Ни одному из нас опыта было не занимать, но Дату Туташхиа мы все считали силой совсем особого ранга. Мы знали: настанет минута, и он скажет свое и только свое слово.
– Вы согласны? – спросил Дата.
– Пусть так,– сказал Амбо.
Дата отошел от нас, выбрал укромное место и подозвал Фому. Говорили они долго, потом позвали меня.
– А ты все хорошо взвесил? Справишься? – спрашивал Фома Комодов Дату, когда я подходил к ним.
– Потому в этом деле и мало для меня интересного, что смогу. Достойный человек должен стараться делать то, чего он раньше не делал и что ему кажется невозможным. Вы, Фома, беретесь за то, что кажется невозможным, и я лишь потому оказался с вами, что быть с вами я по всему раскладу не мог.
– Не мог? – переспросил Фома. – Ты можешь сказать мне, Дата, ради чего ты идешь на такой большой риск?
– Мне непременно надо ответить?
– Это лишь просьба. Я для себя хочу знать.
– Попробую, если сумею...– Дата задумался. – Видишь ли, когда зло совершается у тебя на глазах, одолеть его легко, очень легко. Превратить зло в добро куда труднее, но все-таки можно. Но и у добра, и у зла есть свое гнездо, как, впрочем, у всего, что существует на этом свете. Если не разрушить гнездо зла, зло прорастет в других местах. Так вот, разорить гнездо зла – это очень большое дело, настолько большое, что ради него и пострадать стоит, и смерть не страшна. Поэтому я и берусь за то, о чем я тебе сказал, и вовсе не считаю, что иду на большой риск. Хочу, чтобы ты это знал.
Фома слушал, не отрывая глаз от лица Даты. Казалось, он ждал услышать что-то еще.
– Ну, а теперь я тебе все сказал, что у меня на уме и зачем берусь за ваше дело.
– Хорошо! – сказал Фома после долгого молчания. – Шалва! Дата обещает завтра ночью достать нам ключи от всех корпусов и камер, но как он собирается это сделать, говорить не хочет никому... кроме меня. Мы должны принять это условие. Я сообщу членам комитета, и мы решим, начинать бунт или нет. В нашей помощи Дата не нуждается. Зовет тебя одного! Трудное и рискованное это дело...
Я не дал Фоме договорить:
– Я готов. Не хочет он, чтобы я все знал, и не надо. Все равно пойду.
Чего греха таить, все члены комитета, себя не исключаю, колебались. Все мы были возбуждены и несказанно рады, что приближается решающий час, и все-таки в глубине души каждого тлела надежда, что Дате Туташхиа не удастся выполнить своего обещания! Понять это можно. Трудно ставить жизнь на карту, даже если делаешь это, все хладнокровно рассчитав и обдумав. Трудно даже, если поднимаешься против врага отчизны м за тобой – твой народ, твои дети и закон твоего государства, позволяющий тебе стать убийцей и обещающий при этом сохранить твое доброе имя. Что же говорить о горстке единомышленников, бросающихся на мощную империю и на закон, который немедленно объявит тебя убийцей, изменником, подонком. Это тяжкий груз, даже если сильна в тебе вера, что ты идешь на это ради лучшего будущего своего народа!

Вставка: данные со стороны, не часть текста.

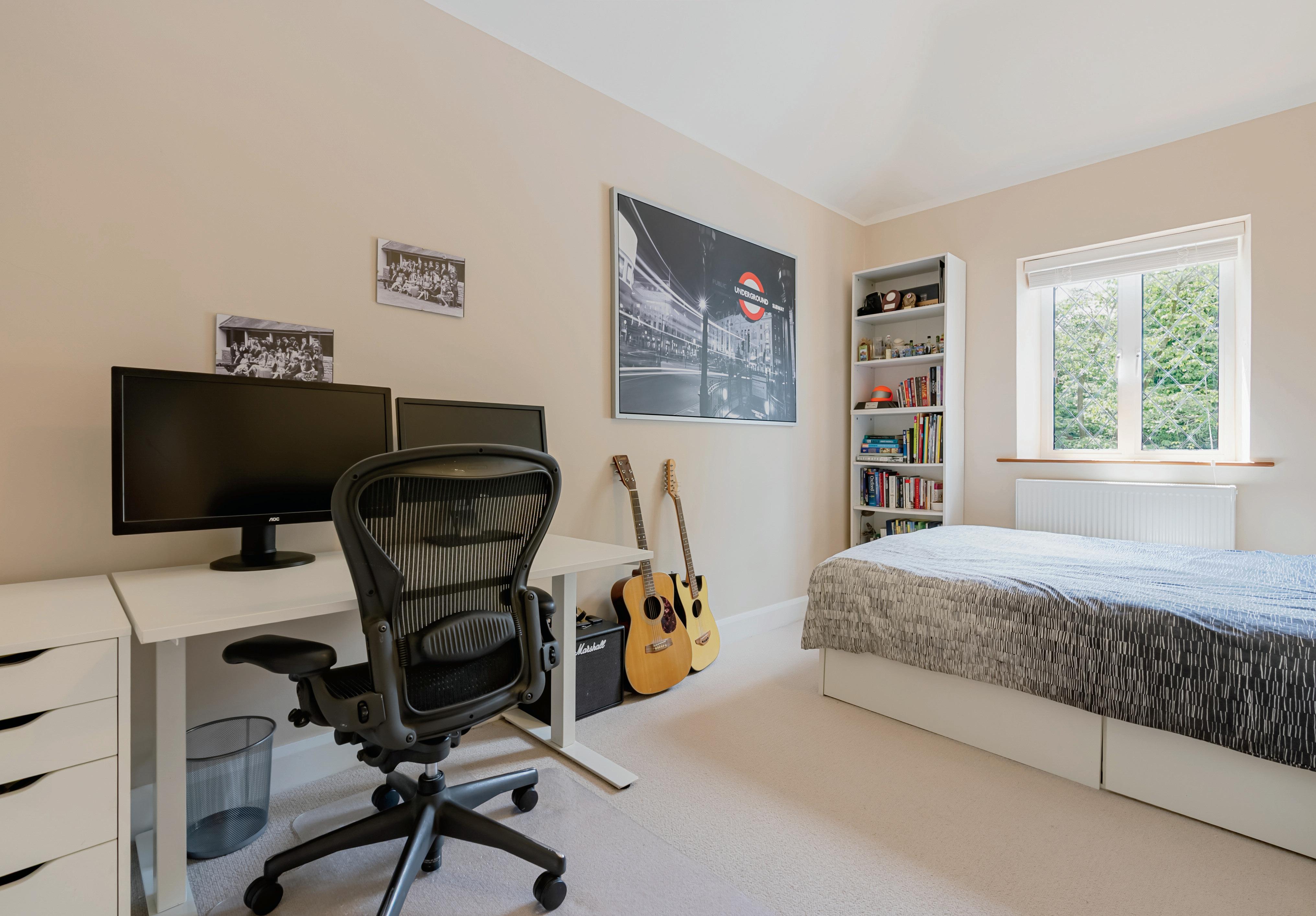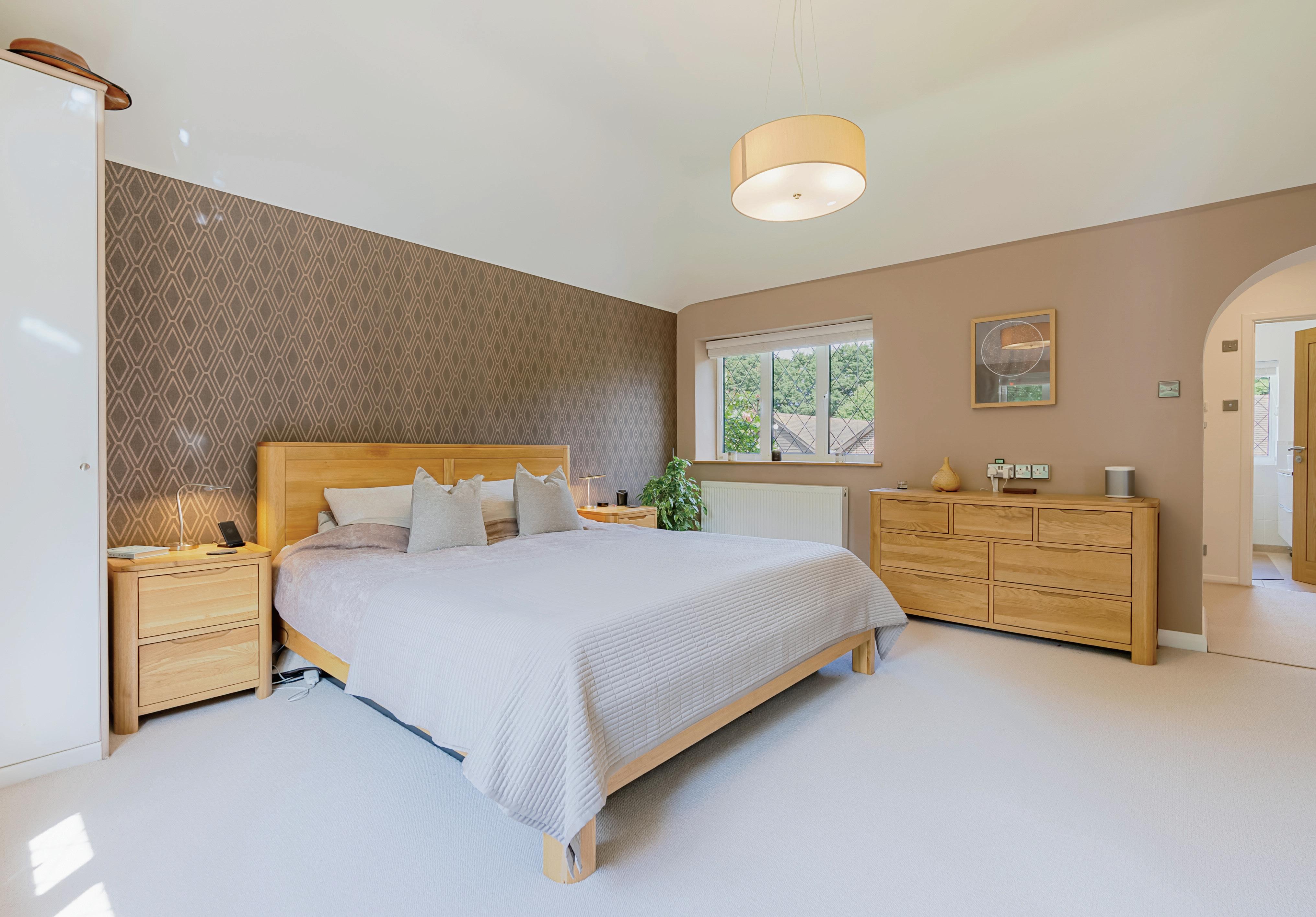 Upstairs, the principal bedroom suite enjoys privacy and space, complete with a dressing room, walk-in wardrobe and ensuite bathroom. There are three further well-sized bedrooms, including a guest suite with ensuite, and a stylish family bathroom – all beautifully presented with quality finishes.

– Товарищи! Если кто-нибудь хочет выйти из нашего дела, не поздно и не стыдно это сделать,– сказал Фома Комодов. – Пусть идет, и мы не спросим его ни о чем до поры до времени.
Кто мог назвать себя трусом?
Мы все были готовы к действию. Лишь Андро Чанеишвилп спросил:
– Но почему Дата Туташхиа требует, чтобы мы слепо следовали за ним?
– Дата Туташхиа ничего от нас не требует,– возразил Фома.– Он лишь сообщил нам, что завтра вечером, с десяти до одиннадцати, в его руках будут ключи. От нас зависит, воспользуемся мы ими или нет.
– Что думаешь делать, почему скрываешь? – схватил Класион за руку Дату Туташхиа, проходившего мимо нас к Дембину.
– Вы только не обижайтесь. – Дата присел рядом с Класионом. – Всем вам ума не занимать, а для дела, за которое я берусь, и одного ума с лихвой хватит. Скажи я вам, что собираюсь делать, вы приметесь обсуждать и советы давать. И может статься, я с вами посчитаюсь, ваш совет в сомнение введет. Сомнение же и колебание плохой товарищ в таком деле. Поэтому я и не скажу вам ничего.
– Ну, а если от твоей затеи и нам, и нашему делу худо будет, тогда что? – спросил Амбо.
– Друг мой, Амбо, от царя Николашки тебе столько худа... что я смогу еще добавить? Мы в тюрьме, а тюремный закон ты знаешь лучше меня. Что я намерен делать и чего хочу, никому до этого дела быть не может! Я делаю то, что считаю нужным, а воспользуетесь вы этим или нет, я и знать не хочу. Только может так все сложиться, что я вам ой как понадоблюсь.
– В чем этот человек не прав? – спросил Фома Комодов.
– Прав до небес,– сказал Эзиз Челидзе.
– Не понимаю, к чему эти обиды?! – сказал Петр Андращук. – Чего вам еще надо? Хотим – воспользуемся. Нет? Аида по норам.
– Если кто хочет уйти – пусть скажет! – повторил Комодов. – Нет таких? Тогда приступим.
Начинать решили завтра вечером, когда заступит Моська. Если Дата действительно получит ключи, мы откроем камеры, и одно это станет знаком к началу мятежа.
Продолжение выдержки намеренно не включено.